15.16.0 - New features

  • Funnelback licenses are now assigned per-collection rather than per-server, allowing multiple licenses to be used on a single server.

  • Long running tasks such as collection updates and search analytics processing are now submitted to a task-queue which can be customized to delay new tasks when the Funnelback server is under heavy load.

  • Introduced support for searching Slack messages via the new Slackpush collection type.

  • Introduced dedicated collection types for Facebook, Flickr, Twitter and Youtube, removing the need to create custom collections for these types.

  • Bulk CSV import/export of best bets, allowing for offline editing in a spreadsheet.

15.16.0 - Selected improvements and bug fixes

  • Added management screens for crawler site profiles.

  • Added metadata selection dropdown options within faceted navigation configuration.

  • Added facet selection dropdown options within curator configuration.

  • Introduced 'listMetadata' in the search result data model, which provides pre-separated values for each metadata class based on the defined separator characters.

  • Added ability to access requestHeaders via the searchQuestion data model.

  • Improved performance of push API when using the multi-part endpoints.

  • Introduced daemon.max_heap_size, jetty.max_heap_size and jetty.max_metaspace_size global cfg options to persist memory adjustments between upgrades.

  • URL facets have been improved so that it works better in cases where the URL contained non indexable characters, the URL path contain repeated path names e.g. /foo/foo/foo as well as some fixes to case sensitivity.

  • Introduced crawler.send-http-basic-credentials-without-challenge setting (on by default) to match old crawler behavior of sending http basic credentials without an initial 401 challenge.

  • Jetty has been upgraded to 9.4.11.v20180605 and the multi-part parser has been changed to a RFC7578 compliant parser which is stricter than the previous multipart parser. The multi-part parser is faster which is especially useful for the push API.

  • Jetty now uses the conscrypt SSL library which results in jetty using more secure and faster SSL ciphers. Java clients to Funnelbacks APIs should switch to using conscrypt to take advantage of the faster encryption, otherwise your client will likely be slower than it was. The push API client which uses funnelback-api-client-core.jar can be upgraded to use conscrypt by getting a copy of $SEARCH_HOME/lib/java/all/funnelback-api-client-core.jar.

  • Multiple changes have been made to the Push API to improve its performance.

  • Improved support for binary file filtering (Apache Tika upgraded to 1.18).
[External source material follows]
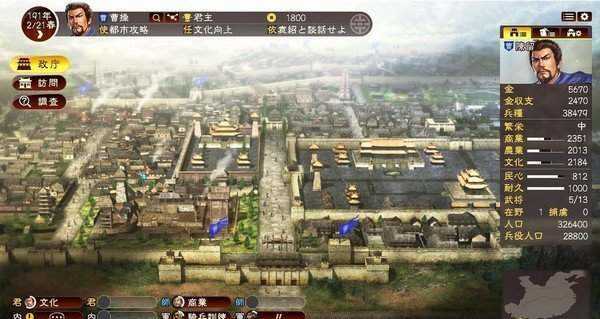 (1).评定。分为三个评定.势力、军团、都市。势力是你整个曹操集团在接下来的1年中的目标,军团是你下面所属军团的目标.军团系统会在后面讲到。都市是你下面城池的目标。评定在玩家角度看.是必须用的。因为一旦家大业大。地盘武将比较多.玩家自己管理不过来.这时是需要评定这个操作.他能让下面武将能自己管理自己.达到你给定的目标.大大减少自身操作麻烦。

  • Upgraded embedded version of Java runtime, which now includes the Java Cryptography Extension. Previous versions required manual installation in some SAML use cases.

  • Analytics updates now supports multiple collections updating at the same time.

  • Analytics update pre_reporting_command and post_reporting_command is now run with the collection reporting lock held, which means while they are running another analytics job will not be able to run.

  • Fixed reading of server.cpu_count global.cfg option, as some places were using the key cpu_count which would result in the default value of auto being used.

  • Removed complexity check which prevented contextual navigation running in some cases.

  • Added ability to re-apply gscopes on local collections.

15.16.0 - Configuration Upgrade Steps

The following changes will be automatically performed on all configurations during the upgrade process. Configurations migrated from older versions after the upgrade will need to have update-configs.pl manually run to apply these changes.

  • Users with access to the old cp.license.key permissions will be granted the new sec.license.view-usage, sec.license.can-edit-other-users-licenses, sec.license.install and sec.license.delete permissions.

  • Users with access to the relevant files in the file manager are now granted the following new permissions sec.spelling, sec.url-kill-list, sec.reporting-exclusion, sec.server-alias, sec.site-profile.

15.16.0 - Upgrade Issues

  • Search request IP addresses are now pseudonymized by default - See ui.modern.pseudonymise_client_ips to disable this if needed.

  • As Funnelback now supports multiple licenses per installation some APIs are no longer possible and have been removed.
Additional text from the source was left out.